Segment Start: GIVEN RECORDS
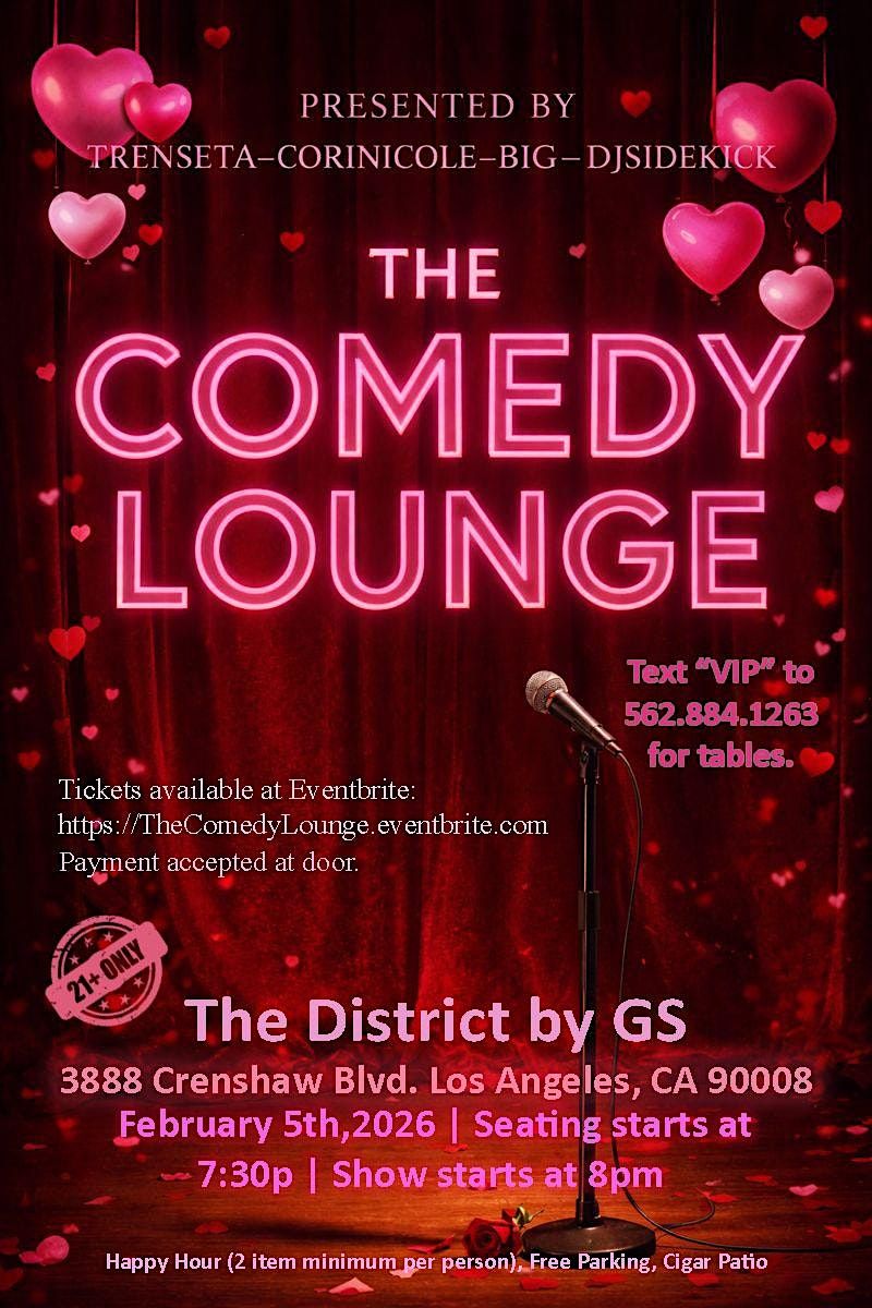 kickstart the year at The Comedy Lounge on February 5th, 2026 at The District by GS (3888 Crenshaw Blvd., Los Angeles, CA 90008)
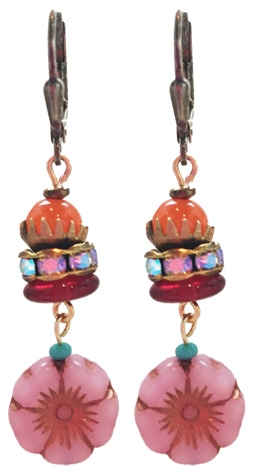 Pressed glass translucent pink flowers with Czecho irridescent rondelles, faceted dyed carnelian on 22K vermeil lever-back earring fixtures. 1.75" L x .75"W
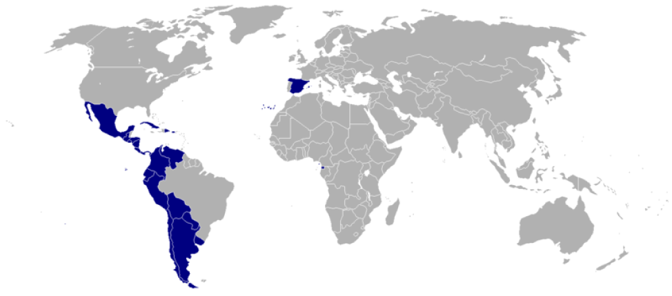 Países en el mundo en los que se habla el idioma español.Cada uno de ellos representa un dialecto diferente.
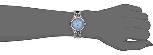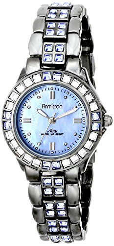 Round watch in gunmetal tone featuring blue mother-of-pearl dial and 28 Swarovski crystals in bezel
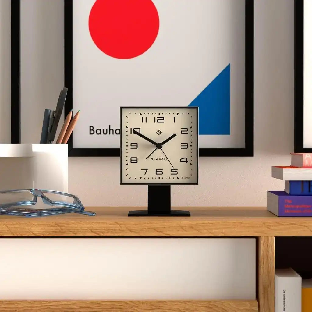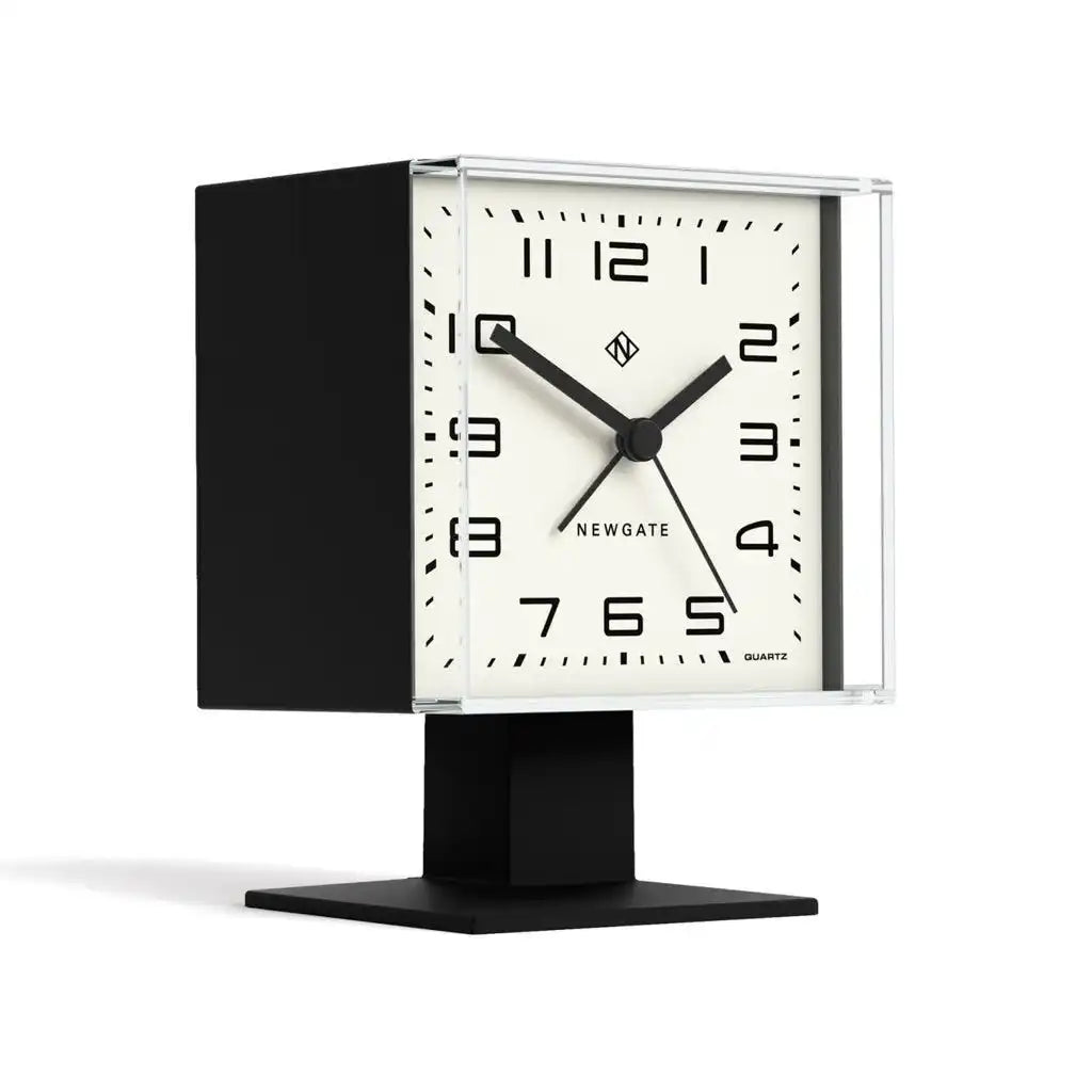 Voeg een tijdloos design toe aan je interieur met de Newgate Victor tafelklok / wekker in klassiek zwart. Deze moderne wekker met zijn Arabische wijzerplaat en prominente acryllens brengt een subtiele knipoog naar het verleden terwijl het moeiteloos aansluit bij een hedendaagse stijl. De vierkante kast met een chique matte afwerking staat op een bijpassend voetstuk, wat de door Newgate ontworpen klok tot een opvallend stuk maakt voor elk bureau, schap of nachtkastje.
Segment End: GIVEN RECORDS
Segment Start: GIVEN RECORDS
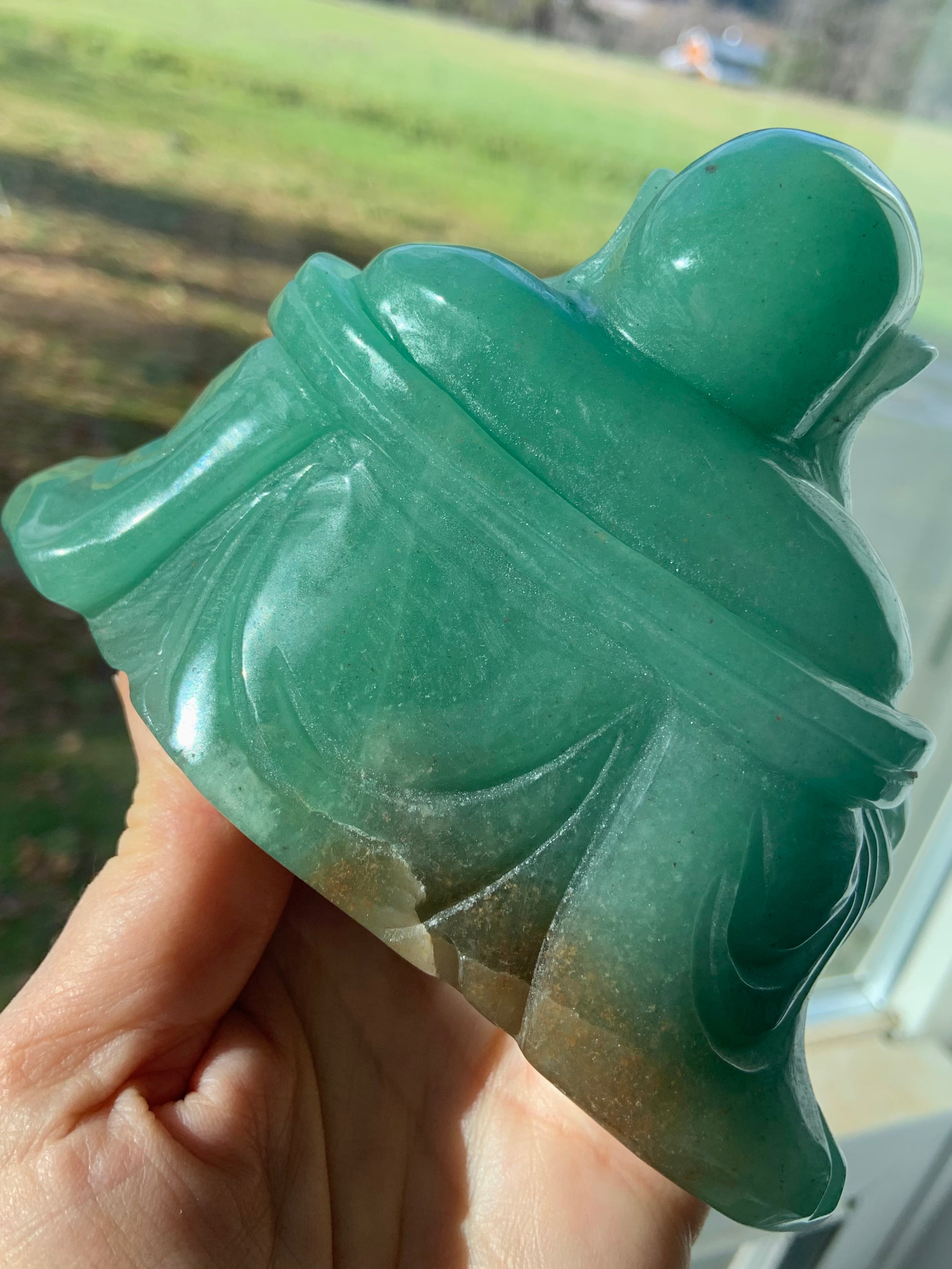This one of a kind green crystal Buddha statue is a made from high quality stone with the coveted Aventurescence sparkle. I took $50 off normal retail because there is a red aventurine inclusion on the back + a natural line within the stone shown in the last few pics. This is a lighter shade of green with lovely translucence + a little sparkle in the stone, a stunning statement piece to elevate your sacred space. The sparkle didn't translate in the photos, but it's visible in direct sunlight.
Segment End: GIVEN RECORDS
Segment Start: GIVEN RECORDS
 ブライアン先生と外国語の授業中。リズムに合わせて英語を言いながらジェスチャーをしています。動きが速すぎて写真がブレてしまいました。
Segment End: GIVEN RECORDS
When you reach the line containing "kickstart the year" in the entries above, begin restating word for word, and stop once the line containing "Países en el" has been given. Omit the pictures.

— SOLUTION —
 kickstart the year at The Comedy Lounge on February 5th, 2026 at The District by GS (3888 Crenshaw Blvd., Los Angeles, CA 90008)
 Pressed glass translucent pink flowers with Czecho irridescent rondelles, faceted dyed carnelian on 22K vermeil lever-back earring fixtures. 1.75" L x .75"W
 Países en el mundo en los que se habla el idioma español.Cada uno de ellos representa un dialecto diferente.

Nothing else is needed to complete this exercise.